More than £4.3m was wiped off the value of Mothercare as the troubled retailer desperately battles to survive.
The struggling baby goods retailer is reportedly looking to enter into a company voluntary arrangement – a type of insolvency that allows it to stay in business – to avoid having to close its doors.
The move could see it close up to 50 of its 143 stores and negotiate down the rents on others in a bid to slash its costs.
It comes less than a week after the firm parachuted in former Tesco director David Wood in place of fired Mark Newton-Jones in a bid to turn around its fortunes.
The 57-year old retailer is just one of many High Street names, such as Carpetright and Next, which are struggling in the fight against cheaper online retailers.
In just five years more than £600m has been wiped off the value of Mothercare and, yesterday, its shares fell a further 13 per cent or 2.54p to 17.06p. It is now valued at just £29m.
The FTSE 100 was back in the black after Friday’s fall, rising 0.15 per cent or 11.11 points to 7194.75. The FTSE 250, however, ended the day down 0.23 per cent or 45.82 points at 19484.35.

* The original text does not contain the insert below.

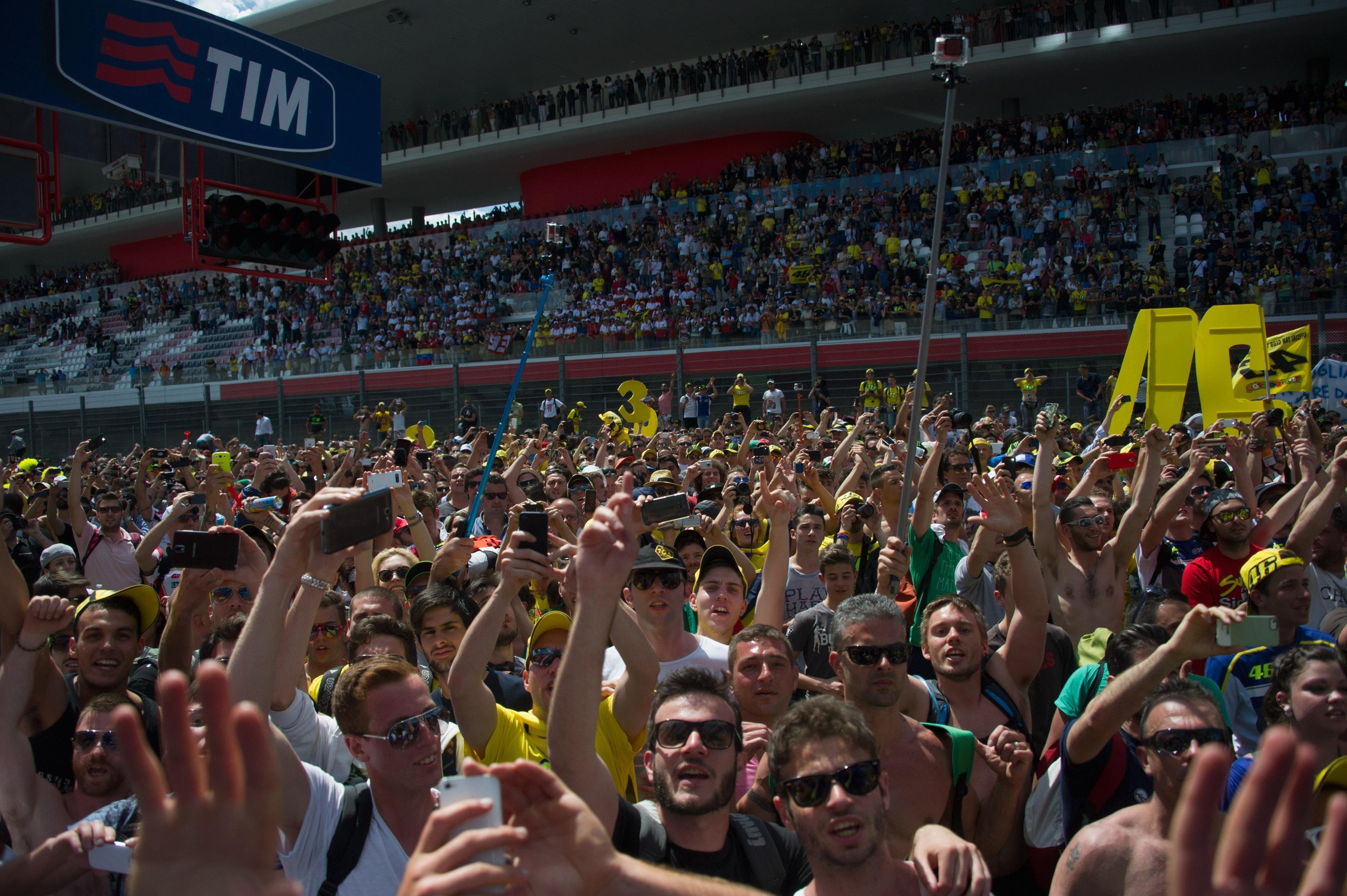 Los fans de todos los circuitos del calendario son una auténtica pasada, eso es cierto. Pero son especialmente activos en Mugello y es precisamente eso lo que convierte al GP de Italia en algo especial. La invasión de la pista nada más acaba la carrera de MotoGP convierte la recta principal en una auténtica marea de gente que va corriendo hacia la zona del podio para ver a Valentino Rossi lo más cerca posible... ¡Independientemente de que haya terminado entre los tres primeros o no!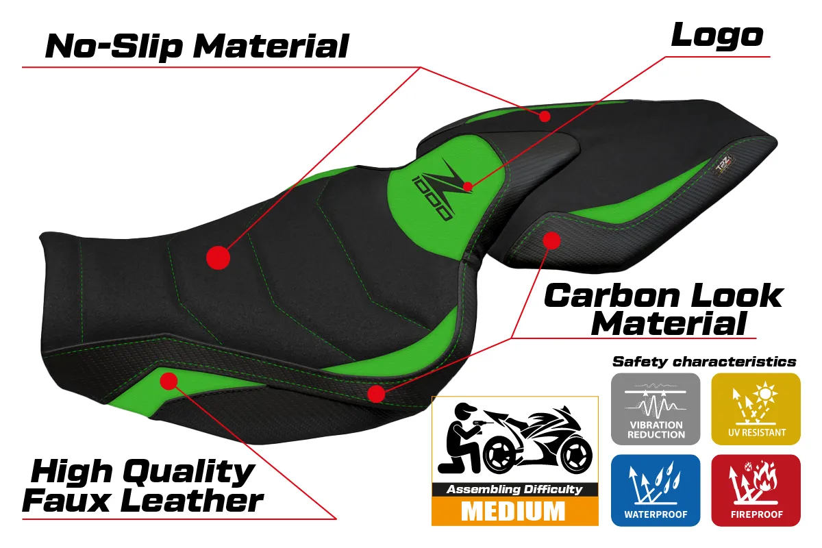 Kawasaki Z 1000 2014 - 2021 - poťah sedadla TPZ Hedemora 1 Ultragrip 4GN (green)

Capita’s shares narrowly avoiding sinking to a 20-year low following a brief end-of-day rally.
The FTSE 250 outsourcer has suffered from a souring of investor sentiment in the wake of Carillion’s collapse. Its shares slid 4.3 per cent or 5.9p to 132.1p.
Sticking with the FTSE 250, gold miner Centamin’s shares dived on the back of disappointing production figures. It produced 124,296 ounces of the yellow metal in the three months ending March 31, down 19 per cent compared with the previous quarter but up 14 per cent year-on-year. Shares in Centamin dipped 4.8 per cent or 7.35p to 145.05p.
Among the small-caps, shares in Hollywood Bowl, the UK’s largest ten-pin bowling chain, ticked up on the back of a solid trading update. The firm, which has 59 ten pin bowling alleys across the UK, reported a 9.3 per cent revenue increase in the six months ending March 31.
Analysts at Peel Hunt said the firm was on track to meet its full-year forecasts at the very least as it increased its target price from 215p to 230p.
Shares rose 2.5 per cent or 5p to 209p.
On AIM, oil and gas company Pantheon Resources saw its value nearly halve after it suffered operational issues and a dip in production at its Texas onshore wells.
Shares plunged 47.2 per cent or 23.25p to 26p.
One of Fever-Tree’s non-executive directors backed the tonic maker’s shares to continue their impressive rise by snapping up more than £268,000-worth. Kevin Havelock bought 10,000 shares at £26.83 each. Shares ended the day down 0.7 per cent or 20p at 2685p. Shares in Keywords Studios, which supplies technical services to the video games sector, were boosted by its £4.5m deal to buy Cord Worldwide and Laced Music, and a set of impressive results. Cord provides music branding for firms, while Laced is a record label supplying soundtracks for video games.
Separately, Keywords, which counts games giants Microsoft, Sony and Electronic Arts among its clients, reported a 57 per centc increase in revenue and a 55pc increase in pre-tax profits in the year to December 31. Shares hopped 2.4 per cent or 38p to 1620p.
Security software firm Defenx went cap in hand to investors to raise much-needed funds. The firm plans to raise £1.2m to meet its debt obligations, to rebuild its team after a number of departures and to boost its working capital.
It was forced to issue a profit warning last October after it failed to convert a number of high-value enquiries into firm orders. The news reassured investors and its shares leapt 63.6 per cent or 7p to 18p.